The Sims IVF clinic are offering a “shared motherhood” treatment for female same-sex couples in Ireland. Doctor John Kennedy, who launched this new programme, said, “It is a positive progressive especially given the imminent enacting of the Child and Family Relationships Act.”
As part of the new service, the eggs from one partner will be used to create embryos after being fertilised in vitro with donor sperm. This means one of the parents will be classified as the “genetic mother” while the other partner will act as the “gestational mother”. The service has gone into effect and is currently available for couples.
Dr Kennedy is uncertain if this is the first of its kind in Ireland but believes so.
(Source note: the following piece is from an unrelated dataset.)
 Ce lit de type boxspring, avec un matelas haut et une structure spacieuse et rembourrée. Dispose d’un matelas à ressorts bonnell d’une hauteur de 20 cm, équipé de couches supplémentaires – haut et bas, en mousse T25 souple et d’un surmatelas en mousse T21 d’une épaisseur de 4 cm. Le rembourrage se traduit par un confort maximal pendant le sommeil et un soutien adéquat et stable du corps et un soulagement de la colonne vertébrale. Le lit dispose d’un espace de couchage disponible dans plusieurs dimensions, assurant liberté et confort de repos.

In relation to the new service, he said, “I think it is just a bit of a shame we have not been doing it already. I think most same-sex couples who come in would like to know it is an option.”
Couples are advised by the clinic to use an identifiable sperm donor as the Children and Family’s Relationship Act prevents anonymous donations. Under this Act, it also notes that the child must be born in Ireland.
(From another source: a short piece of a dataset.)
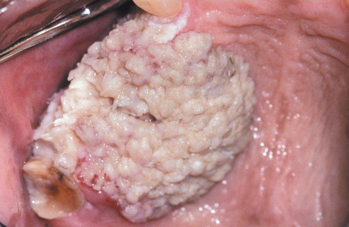 . Large, exophytic, papillary mass of the maxillary alveolar ridge

Speaking about what brought about the launch of this service, Dr Kennedy said, “The driver of this is that we knew the Child and Family Relationships Act was coming in. We knew that this would be a problem for those patients. But we also knew that if we had patients coming through in Ireland who are availing of this service it will create more traction and get a better conversation going. To protect both these people and other couples who want to do this.”
On the Sims IVF website, the clinic highlights that “the proposed timeline for introducing this legislation will cause some unintended, but very serious, negative consequences for many of our patients.”
Dr Kennedy reassured that couples would still be able to avail of the “shared motherhood” service after the Act has been implemented. He said, “The frustrating thing for me here is that the shared motherhood isn’t being covered on the Child and Family Relationships Act, when it would be incredibly easy for them to do so.”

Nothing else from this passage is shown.